The material, which can be made into fibres or sheets, could find a use in strain monitoring and has already been tested to this end in the sails of high-end yachts competing in the Americas Cup.
Conductive polymers have existed for some time, but are generally made from exotic semi-conducting organics, and restricted to organic solar cells, printing electronic circuits, and organic light-emitting diodes.
A team at NanoForce, a spin-off from Queen Mary University of London, set about creating robust plastics that could conduct at near-metallic levels.
‘You can just use normal polypropylene or polyamide, so they’re much more stable than these fancy semi-conducting polymers,’ Ton Peijs, technical director, told The Engineer.
The team uses additive multi-walled carbon nanotubes at a weight percentage of around one per cent. In isolation, the nanotubes show excellent metallic conduction, but the challenge has been to incorporate them into composites.
‘If I want to make a conductive polymer composite I need to mix in these nanoparticles and you don’t want them to be all agglomerated here and all agglomerated there because then they are too far apart and never form a network — but if they are all perfectly and evenly dispersed, then they are also quite far apart,’ Peijs said.

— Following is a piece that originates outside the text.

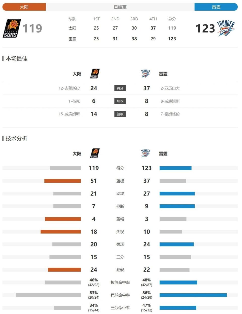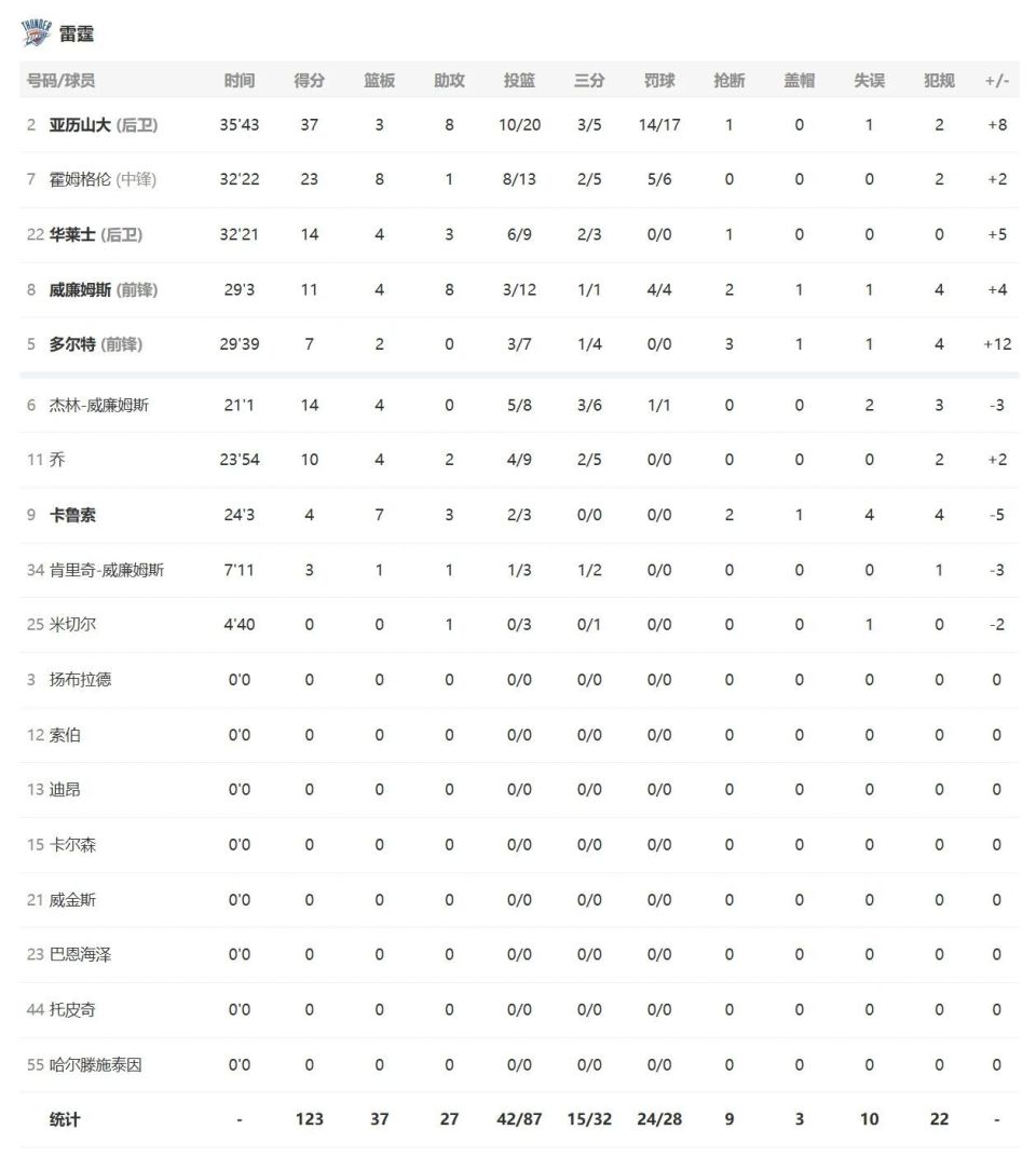 亚历山大20中10砍下37分8助攻,切特13中8拿到23分8篮板,卡森华莱士9中6高效得到14+4+3,杰伦威廉姆斯12中3拿到11分4篮板8助攻2抢断,多尔特7分3抢断!
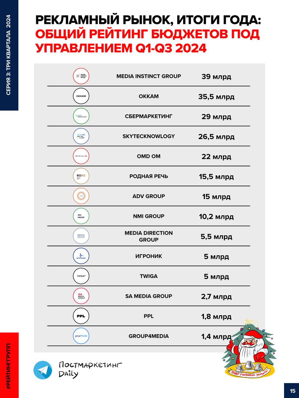 Π Π²ΠΎΡ — ΡΠ΅Π·ΡΠ»ΡΡΠ°Ρ. Π Π΅ΠΉΡΠΈΠ½Π³ ΠΎΠ±ΠΎΡΠΎΡΠΎΠ² Π³ΡΡΠΏΠΏ ΠΈ Π°Π³Π΅Π½ΡΡΡΠ² Π·Π° 3 ΠΊΠ²Π°ΡΡΠ°Π»Π° 2024 (ΡΠ΅ΡΠ²Π΅ΡΡΡΠΉ ΠΏΠΎΠ΄ΠΊΠ»ΡΡΠΈΠΌ ΡΠΎΠ²ΡΠ΅ΠΌ ΡΠΊΠΎΡΠΎ, Π² ΡΠ΅ΡΠ΅Π΄ΠΈΠ½Π΅ ΡΠ½Π²Π°ΡΡ).

NanoForce’s solution was a post-processing technique that involves annealing and hot pressing — basically re-melting the polymer after extrusion — allowing the nanotubes to migrate into a self-organising ‘dynamic network’ that is conductive. The process can be tuned by temperature and time of annealing, and can also align the polymer units to increase the strength.
Crucially, when the resulting fibre or sheet is stretched and placed under strain, the nanotube networks that has been in place previously gets pulled apart and deforms, breaking down the connections and creating electrical resistance of several orders of magnitude. This is particularly useful for in situ monitoring of strain in various critical structures.
Indeed, NanoForce has recently done some work with North Sails for certain teams competing in the Americas Cup yacht competition.
‘It’s sort of the Formula One of sailing — actually they spend more than than Formula One — and they do a lot of analysis,’ Peijs said. ‘Using our technology they could analyse the load in the sails, what are the local strains… then, of course, you can optimise performances.’
Applied as a thin-film layer it could also be used for condition monitoring in the aerospace industry and wind turbines, for example.